Just a quick note to say hi and tell you a little about myself. I'm from Alberta Canada and do a yard display each year. I'm 32 years old and a full time paramedic and volunteer fire fighter. Hope to chat with you all get some ideas share some ideas (if i have any), and maybe build a few friendships in the haunting community.
cheers coffin_creature


----------



## SuFiKitten77 (Jul 19, 2005)

Yay .. I get to be the first to welcome you to the Street  Enjoy your stay and we are glad to have you with us


----------



## Zombie-F (Apr 12, 2004)

Wow, there's a lot of you Canadians here! Never knew Halloween was so popular in the great cold North.

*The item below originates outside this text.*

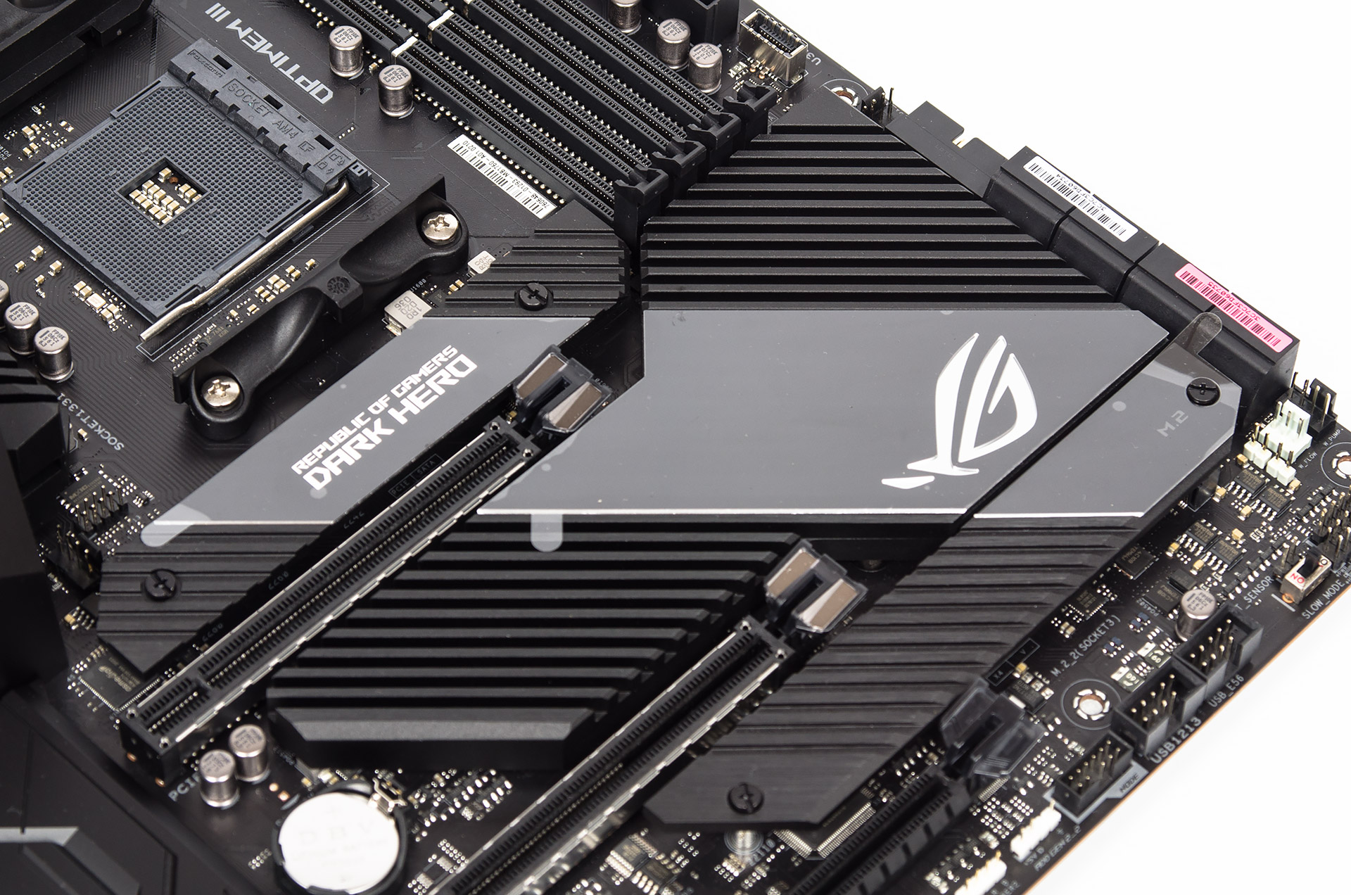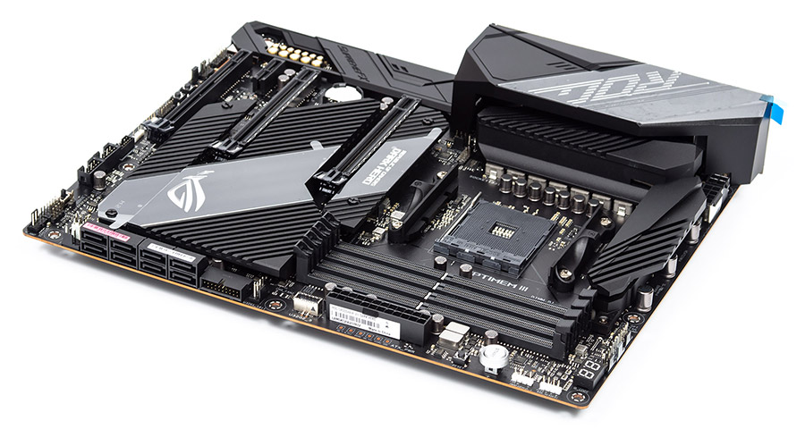 Радиатор для X570 действительно огромный, обособленный от остальных (для устройств M.2), он занимает фактически всё доступное на плате пространство.

Welcome to my fiendish forums.


----------



## Anachronism (Apr 22, 2004)

Welcome aBoard coffin_creature  

~~Bill~~


----------



## claymud (Aug 21, 2005)

hey man welcome, the Canuck population here is growing... soon our plans of world and forum domanation well come true... or not... we havn't decided yet.


----------



## Vlad (Aug 2, 2005)

Welcome aboard CC, we're happy to have you with us. I'm half Canadian, does that mean my haunt will be spared in the invasion?


----------



## crazyryan (Sep 26, 2005)

welcome...u need to no this before really entering. Im the crazy 1. watch out 4 my posts. lol


----------



## ScareFX (Aug 18, 2004)

Welcome to US coffin_creature. Glad you're here.


----------



## HibLaGrande (Sep 25, 2005)

Howdy Coffin-creature,


----------



## scarface (Sep 16, 2005)

Welcome to the street where unicorns and rainbows are in everyones mind.

SUP


----------



## Dr Morbius (Sep 21, 2004)

Hello..don't be scared.

Well, maybe be scared a little.


----------



## colinsuds (Aug 20, 2005)

YES CANADIANS ALL THE WAY!!!!!!!!!!!!!!!!!!!!!!!!! just 4 the recordf im canadian 2 lol.


----------



## Blackwidow (Jul 9, 2005)

Hi coffin_creature and welcome... it's great to have you with us


----------